Whether the child has the capacity to consent depends upon the age,
ability, experience, education, training, and degree of maturity or
judgment obtained by the child, as well as upon the conduct and
demeanor of the child at the time of the procedure or treatment. The
factual determination would also involve whether the minor has the
capacity to appreciate the nature, risks, and consequences of the
medical procedure to be performed, or the treatment to be administered
or withheld.
Belcher, 422 S.E.2d at 838.
Finally, Appellants bring the case of In re E.G., a Minor, 133 Ill.2d 98, 139 Ill.Dec. 810, 549 N.E.2d 322 (1989), to our attention. The Supreme Court of Illinois held there that
[t]he common law right to control one's health care was also the basis
for the right of an incompetent patient to refuse life-sustaining
treatment through a surrogate.... We see no reason why this right of
dominion over one's own person should not extend to mature minors.
139 Ill.Dec. 810, 549 N.E.2d at 326. The rationale of the Illinois
court demonstrates the limitations of the doctrine. As the Illinois
court stated,
[t]he trial judge must determine whether a minor is mature enough to
make health care choices on her own. An exception to this, of course,
is if the legislature has provided otherwise, as in the Consent by
Minor to Medical Operations Act. We feel the intervention of a judge is appropriate for two reasons.
First, Illinois public policy values the sanctity of life. When a
minor's health and life are at stake, this policy becomes a critical
consideration. A minor may have a long and fruitful life ahead that an
immature, foolish decision could jeopardize. Consequently, when the
trial judge weighs the evidence in making a determination of whether a
minor is mature enough to handle a health care decision, he must find
proof of this maturity by clear and convincing evidence.
Second, the State has a parens patriae power to protect those
incompetent to protect themselves. "[I]t is well-settled that the
State as parens patriae has a special duty to protect minors and, if
necessary, make vital decisions as to whether the condition is life
threatening, as wrenching and distasteful as such actions may be." The
State's parens patiae power pertaining to minors is strongest when the
minor is immature and thus incompetent (lacking capacity) to make
these decisions on her own. The parens patriae authority fades,
however, as the minor gets older and disappears upon her reaching
adulthood. The State interest in protecting a mature minor in these
situations will vary depending upon the nature of the medical
treatment involved. Where the health care issues are potentially life
threatening, the State's parens patriae interest is greater than if
the health care matter is less consequential.
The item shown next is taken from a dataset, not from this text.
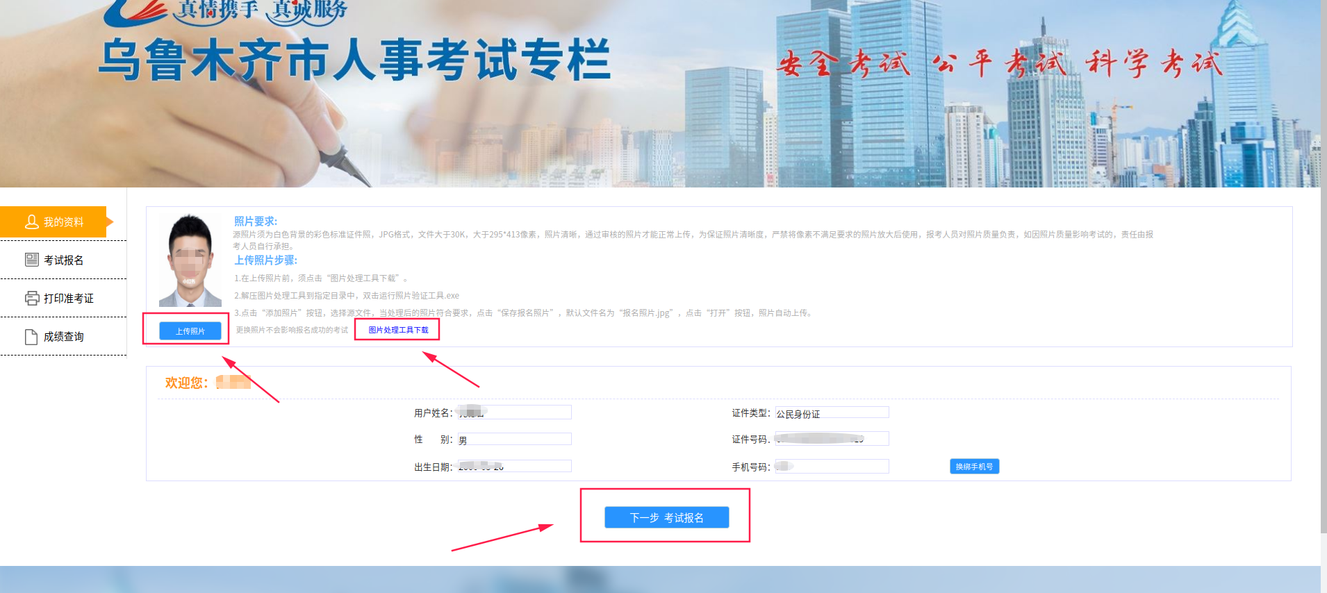 六、完成登录后,上传符合要求的照片(可用图片处理工具进行处理),并核对身份信息,完成后进行下一步操作。

139 Ill.Dec. 810, 549 N.E.2d at 327 (citations omitted).
We find the current case to have a crucial distinction from the cases
relied upon by Appellants. [FN2], [FN3] The legislature of this
Commonwealth has provided a statute which identifies those minors who
are deemed sufficiently mature to give consent to medical
treatment.
FN2. Because we find that an affirmative duty was
statutorily placed upon Appellants, we need only note that this Court
has indicated that, "[t]he inherent dependency of a child upon
his parent to obtain medical aid, i.e., the incapacity of a child to
evaluate his condition and summon aid himself, supports imposition of
such a duty upon the parent." Commonwealth v. Konz, 498
Pa. 639, 450 A.2d 638, 641 (1982)(emphasis added).
FN3. Appellants fail to cite, and our own
research fails to reveal any cases from our sister states which hold
that the doctrine espoused by Appellants is viable as a defense in a
criminal case.
Any minor who is eighteen years of age or older, or has
graduated from high school, or has married, or has been pregnant, may
give effective consent to medical, dental and health services for
himself or herself, and the consent of no other person shall be
necessary.
Act of Feb. 13, 1970, P.L. 19, No. 10, § 1, 35 P.S. § 10101.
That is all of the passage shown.